We are currently experiencing an extremely hot month in Montréal (and more generally in North America). Looking at people having a beer, and starting the first barbecue of the year, I was wondering: if we asked people if global warming was a good or a bad thing, what do you think they will answer ? Wearing a T-shirt in Montréal in March is nice, trust me ! So how can we study, from a quantitative point of view, depending on the time of the year, what people think of global warming ?
A few month ago, I went quickly through Jeffrey Bree's tutorial (online on his blog) on sentiment analysis, where he was studying perception of airline companies in the US based on Twitter messages. His idea was to define a score function, counting the number of positive and negative words in a short sentence (Twitter is then perfect to run such a study) mentioning an Airline company. Consider the following score function (the one proposed by Jeffrey)
score.sentiment = function(sentences, pos.words, neg.words, .progress='none') { require(plyr) require(stringr) scores = laply(sentences,
function(sentence, pos.words, neg.words) { sentence = gsub('[[:punct:]]', '', sentence) sentence = gsub('[[:cntrl:]]', '', sentence) sentence = gsub('\\d+', '', sentence) sentence = tolower(sentence) word.list = strsplit(sentence, '\\s+') words = unlist(word.list) pos.matches = match(words, pos.words) neg.matches = match(words, neg.words) pos.matches = !is.na(pos.matches) neg.matches = !is.na(neg.matches) score = sum(pos.matches) - sum(neg.matches) return(score) }, pos.words, neg.words, .progress=.progress ) scores.df = data.frame(score=scores, text=sentences) return(scores.df) }
A list of positive and negative words (in English) can be found on http://www.cs.uic.edu/ (see e.g. the chapter on sentiment analysis).
hu.liu.pos = scan("positive-words.txt", what="character", comment.char=';') hu.liu.neg = scan('negative-words.txt', what='character', comment.char=';')
The score here is simple the difference between positive versus negative words. For instance, the following sentence has a score of +3,
> score.sentiment("It's awesome I am so happy, thank you all", + hu.liu.pos,hu.liu.neg)$score [1] 3
while the following is -3.
> score.sentiment("I'm desperate, life is a nightmare, I want to die", + hu.liu.pos,hu.liu.neg)$score [1] -3
But one can easy see a big problem with this methodology. What if the sentence included negations ? E.g.
> score.sentiment("I'm no longer desperate, life is not a nightmare anymore I don't want to die", + hu.liu.pos,hu.liu.neg)$score [1] -3
Here the sentence is negative, extremely negative, if we look only at the score. But it should be the opposite. I simple idea is to change (slightly) the function, so that once a negation is found in the sentence, we take the opposite of the score. Hence, we just add at the end of the function
if("not"%in%words){score=-score}
Here we obtain
> score.sentiment.neg("I'm no longer desperate, life is not a nightmare anymore I don't want to die", + hu.liu.pos,hu.liu.neg)$score [1] 3
But does it really work ? Let us focus on Tweets,
library(twitteR)
Consider the following tweet-extractions, based on two words, a negative word, and the negation of a positive word,
> tweets=searchTwitter('not happy',n=1000) > NH.text= lapply(tweets, function(t) t$getText() ) > NH.scores = score.sentiment(NH.text, + hu.liu.pos,hu.liu.neg) > tweets=searchTwitter('unhappy',n=1000) > UH.text= lapply(tweets, function(t) t$getText() ) > UH.scores = score.sentiment(UH.text, + hu.liu.pos,hu.liu.neg)
If we draw score density in tweets, we see that scores are quite different,
> plot(density(NH.scores$score,bw=.8),col="red") > lines(density(UH.scores$score,bw=.8),col="blue")

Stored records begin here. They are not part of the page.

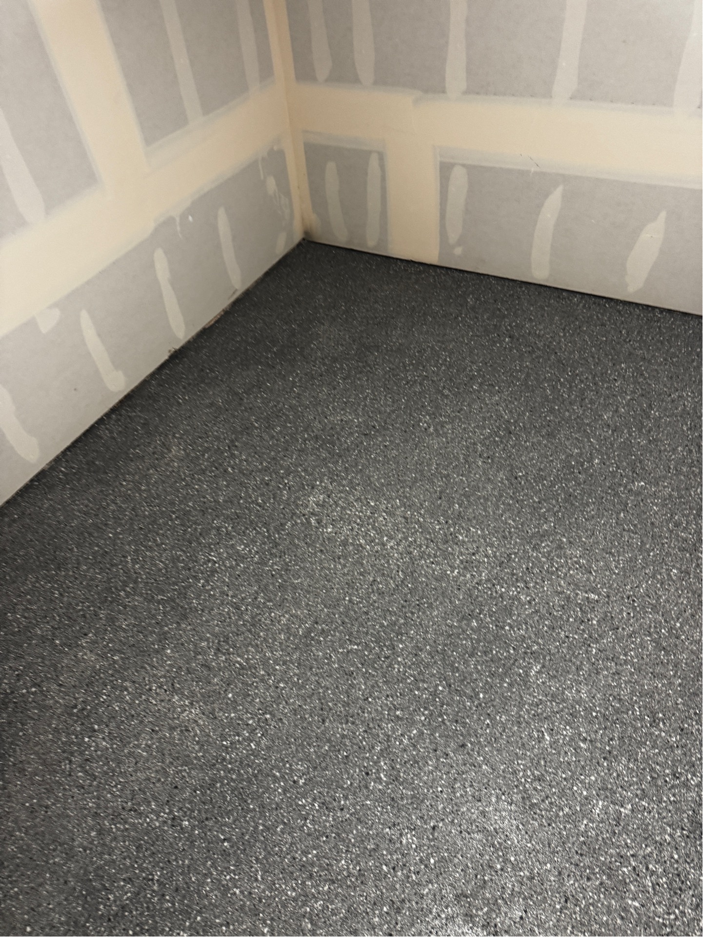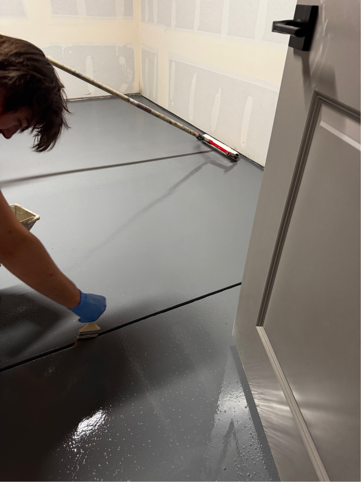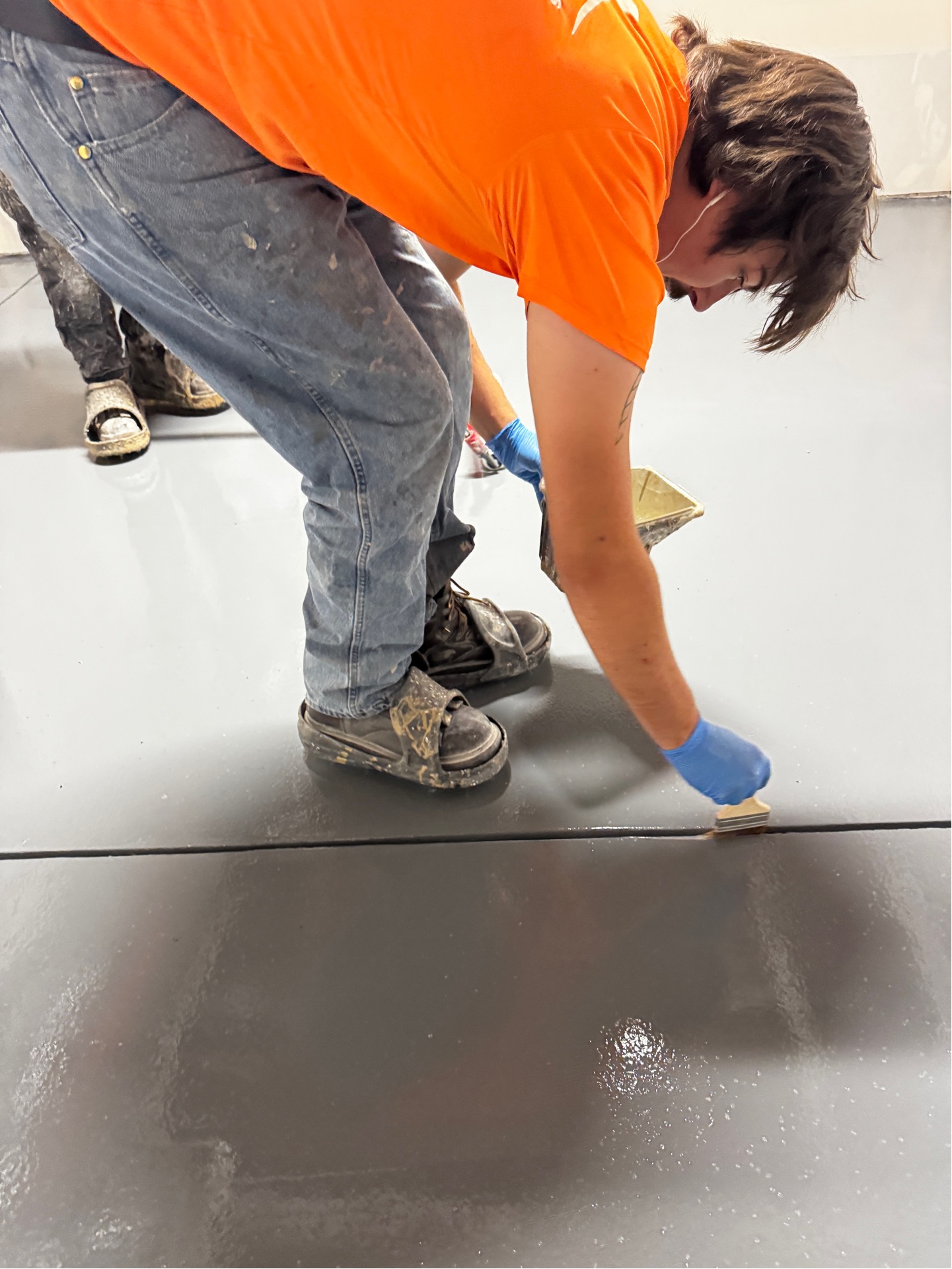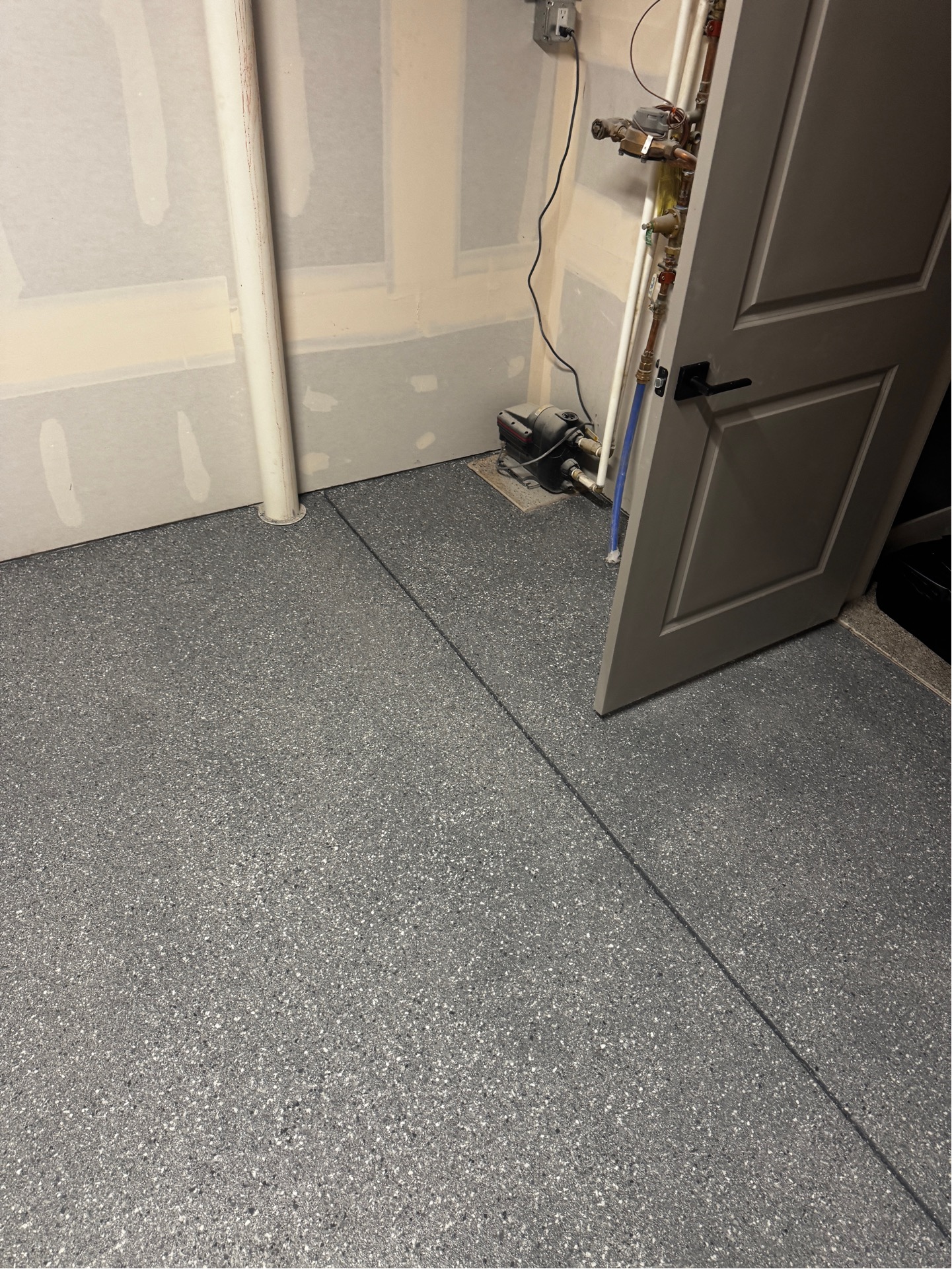 Finished in Blacksone Polished Collection with Grey Pigment Polyaspartic Floor Coating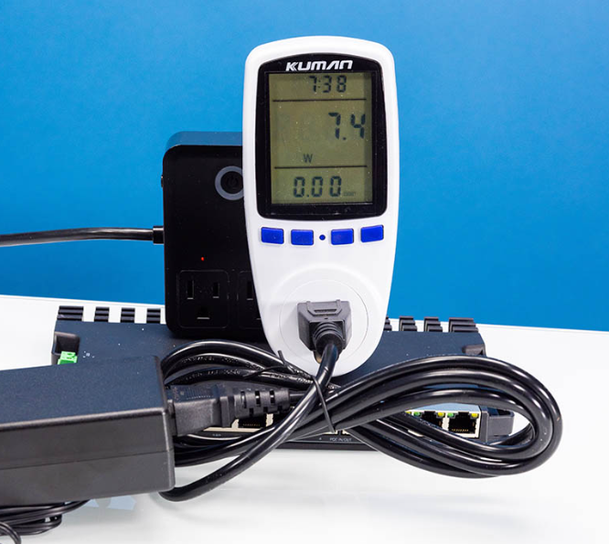 Що стосується енергоспоживання, ми побачили цифри в режимі очікування в діапазоні 7,4 Вт. Максимальна потужність для цього пристрою без живлення PoE і без підключених кабелів має становити приблизно 15 Вт.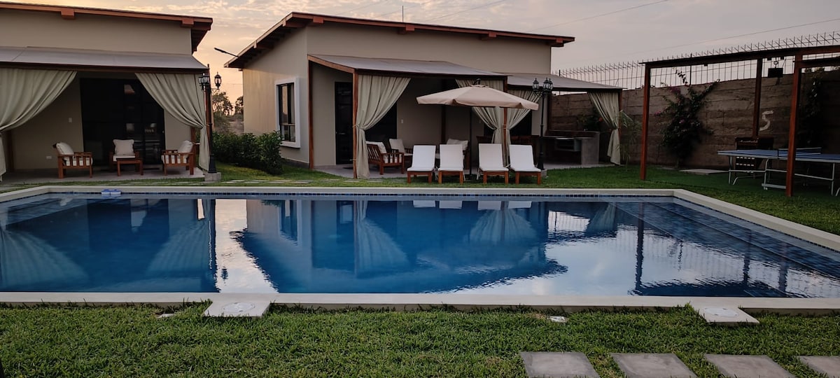 Casita Bonita, la mejor opción para disfrutar del clima de Ica, dentro del Condominio Playa del Carmen. Déjate convencer por nuestras reseñas! Piscina privada, jardín muy amplio, cocina, parrilla y fogata completamente equipadas, toallas de playa, sillas, reposeras, pelotas, raquetas, juegos de mesa, TV Smart, WiFi de alta velocidad y mucho más. Mascotas bienvenidas y cerco completo al rededor de la propiedad para que se sientan libres. Reservas de larga duración incluyen limpieza semanal.

If now we use the second function, taking the opposite of the score when the sentence contains a negation, we obtain
> UH.scores = score.sentiment.neg(UH.text, + hu.liu.pos,hu.liu.neg) > NH.scores = score.sentiment.neg(NH.text, + hu.liu.pos,hu.liu.neg)
> plot(density(NH.scores$score,bw=.8),col="red") > lines(density(UH.scores$score,bw=.8),col="blue")

So we can admit that our modified function is not that bad.
Let us now focus on tweets in North American. More specifically, we focus on tweets sent within the following region (in blue on the right), in order to avoid problems of hemispheres. Then, we restrict ourselves to specific days, or periods of time. For instance, we can wonder if snow is associated with positive or negative words, and if we enjoy snow when it does arrive, by the end of November, and if we start to find it boring by the end of March ?
Considerer the following research
> w.tweets=searchTwitter("snow",since= LISTEDATE[k], + until= LISTEDATE[k+1],geocode="40,-100,2000mi") > W.text= lapply(w.tweets, function(t) t$getText() ) > W.scores = score.sentiment.neg(W.text, + hu.liu.pos,hu.liu.neg, .progress='text') > M[k]=mean(W.scores$score)We obtain here the following score function, over three years, on Twitter,

Let us get back to the point used to introduce this post. If we study what people "feel" when they mention global warming, let us run the same code, again in North America
> w.tweets=searchTwitter("global warming",since= LISTEDATE[k], + until= LISTEDATE[k+1],geocode="40,-100,2000mi")Actually, I was expecting a nice cycle, with positive scores in Spring, and perhaps negative scores during heat waves, in the middle of the Summer...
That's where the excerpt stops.